# my husband has issues with my son



## opicka (Oct 24, 2010)

Hello, I have been married for 5 years and I have a son who is 14 now. My husband for whom my son is a stepson has some issues with my son. Sometimes he is cold to him and ignores him when we are having dinner or when we are speaking together. This is hurtful to me although I found out that my son is quite fine with that. He is very mature for his age. My son loves my husband now, calls him dad and is happy. On the other hand my husband has this strange coldeness towards my son and he also did not adopt him which is what I hoped for. That hurts me too. I am not sure how to approach this. Do you think there is something that can be done improve this situation? I am not sure what to do.


----------



## greeneyeddolphin (May 31, 2010)

Why don't you ask him what's up with it all? Just sit him down and calmly describe the things that are bothering you and ask him to explain to you his thoughts and feelings on those behaviors. You may find there is something going on there between him and your son that you're not aware of.
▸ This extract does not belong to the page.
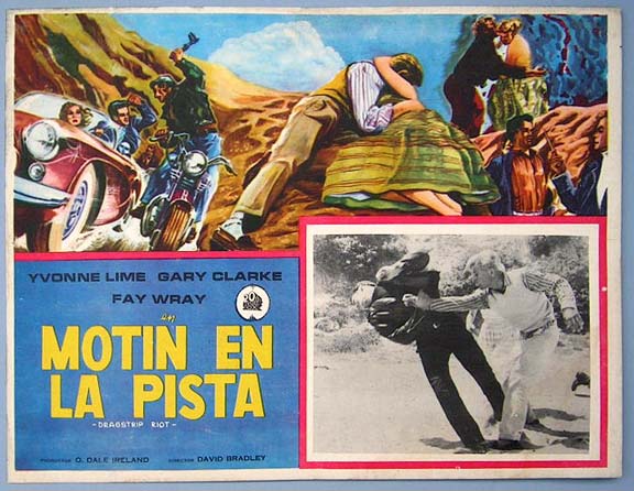 Beautiful Mexican lobby card (11x14.5") from the 1958 AIP hot rod / JD film, DRAGSTRIP RIOT, which starred Yvonne Lime, Gary Clarke, Fay Wray, Bob Turnbull and Connie Stevens. $20 each

Or it might just be the kind of relationship they've developed and are fine with. 

I always wanted a guy who would be willing to adopt my kids, to act as a father to them. And I've been very fortunate to have found that, and that my sons fully accept him that way. But, I also always knew that I couldn't force them to have the relationship I wanted them to have. They had to feel their way and figure out what they wanted between the three of them, and I had to simply step back and let that happen. 
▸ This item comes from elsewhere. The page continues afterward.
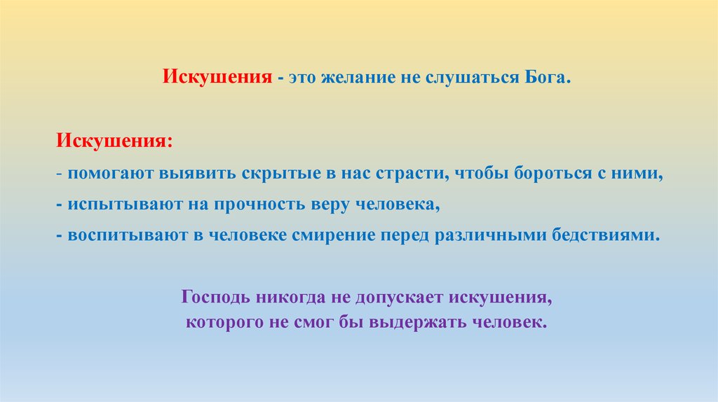 Искушения - это желание не слушаться Бога.Искушения:

If they had not developed this kind of relationship, yes, I probably would have been somewhat hurt by that. But at the same time, it is their relationship. My romantic relationship with him is separate from their relationship with him. If they all feel comfortable with a buddy/buddy kind of relationship, or a civil "We live in the same house and we all love Mom, so we'll be polite and nice to each other but that's it" kind of relationship, then that's what they should have, since it's what will be most natural and work best for them. 

Talk to him. Talk to your son. Separately. If they're both happy with the way things are, then as much as you might want things to be different, you need to let go and leave it alone.


----------